There was a short period of time when Tareq Salahi was one of the most talked about people in the world. It wasn't necessarily for good reasons. However Salahi seemed to embrace the attention brought on from his visit to a White House State Dinner. A dinner, he and his then wife Michaela, were not invited to.
Salahi doesn't hide from his infamous rise to prominence, in fact he embraces the attention. During his short visit to the NBC12 studios several staffers lined up to get a picture with him. Not one of them was lining up to get a picture with a candidate for governor, but for a reality TV star.
Salahi is hoping to take that interest in him and parlay it into votes. A task he admits, won't be easy.
Here is our report on his candidacy for NBC12:
RICHMOND (WWBT)- He may be the most well known candidate in the race for governor but his celebrity has nothing to do with politics. Tareq Salahi is better known as part of the infamous duo that crashed a White House state dinner, but he is serious about being Virginia's next governor.
That White House incident, he and his ex-wife's Michaele stint on the popular reality show "Real Housewives of DC" and then their very public, strange break-up, that included an 80's hair band, have made Salahi a celebrity.
But despite not all of that notoriety being positive, Salahi believes it has actually helped his campaign.
"You can't sneak in to the most well guarded institution in the world," Salahi said of the White House incident, "It just doesn't make se sense."
Salahi contends that he did not thing wrong that night, and once his legal issues were behind him he decided capitalizing on it through reality TV was nothing more than good clean fun.
"Reality TV is what it is," he said. "It is really the modern day soap opera."
And being the star of that soap opera is something Salahi believes has given him a head start on connecting with Virginia voters.
"People were clearly fans of the show or from the White House incident," he said. "But they knew there was more."

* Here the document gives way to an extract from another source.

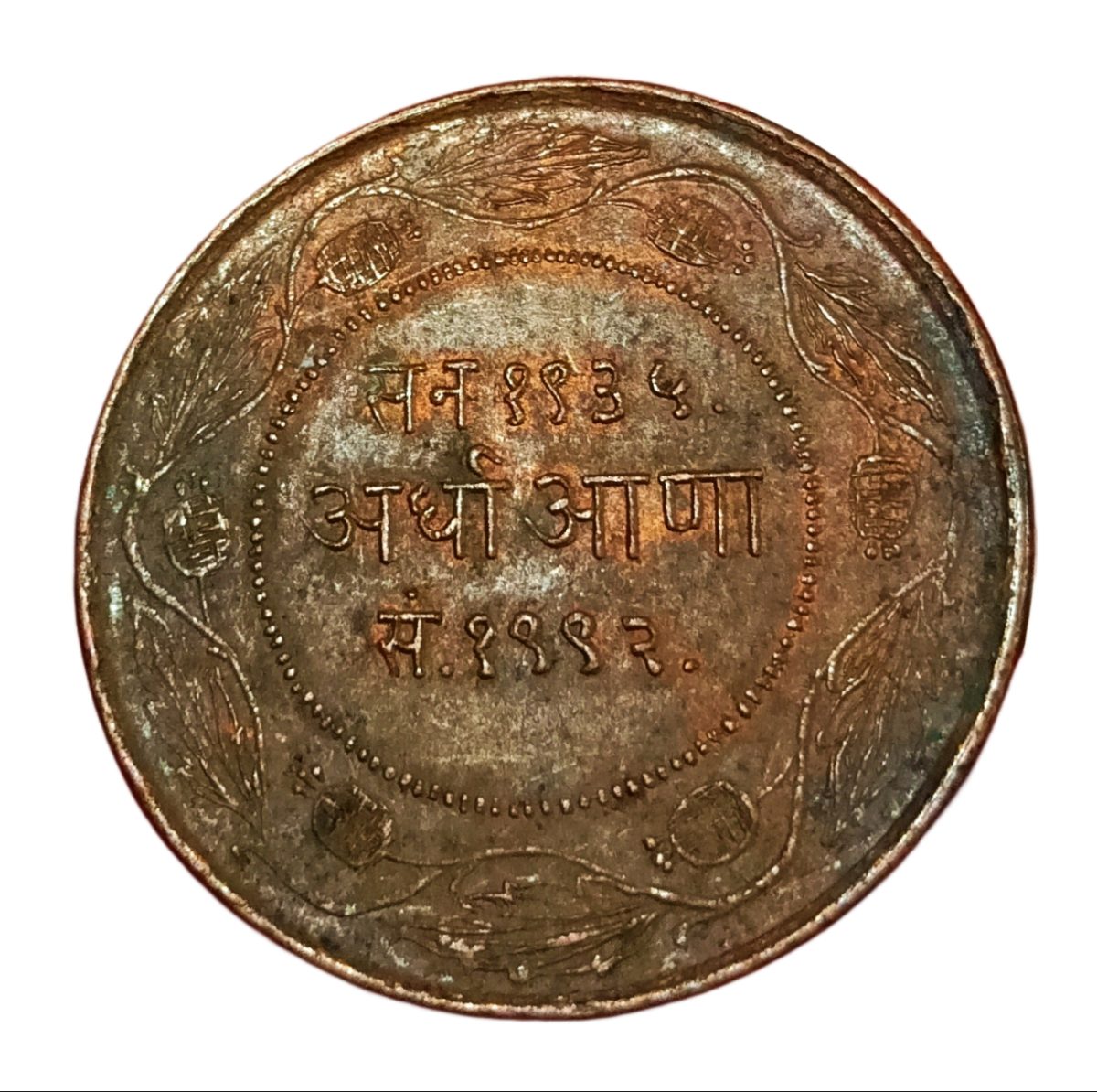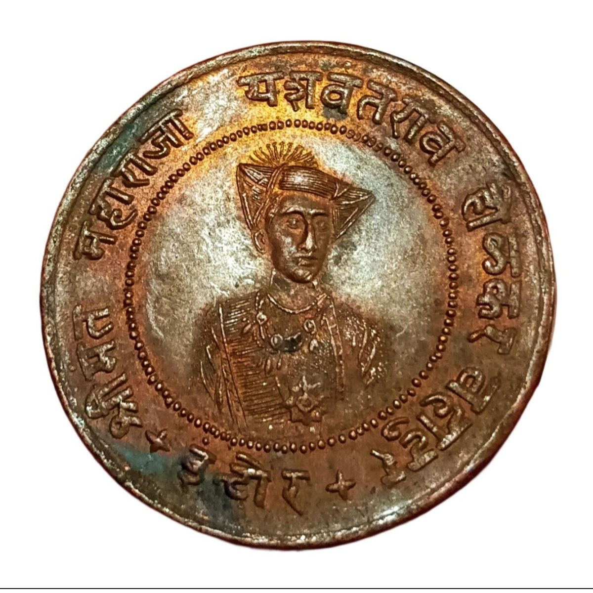 INDORE State HALF ANNA W= 12.6g, D=32.5mm YASHWANT RAO-II Dated BS 1992(1935) **RARE** Top RAW Grade

That more is a businessman who has served on boards for several governors and worked to pass legislation to help small business. He calls himself a centrist. A Republican who wants to cut taxes and regulation, but is pro-choice on abortion and believes same sex marriage should be legal.
It is a mix he believes voters, some of whom he met Friday night a the Capitol tree lighting, will identify with.
"Knowing who the real Tareq Salahi is," he said. "Not the one on camera who sometimes has to be a little dramatic on a reality TV show."
An uphill battle perhaps, but one Salahi seems prepared to take on.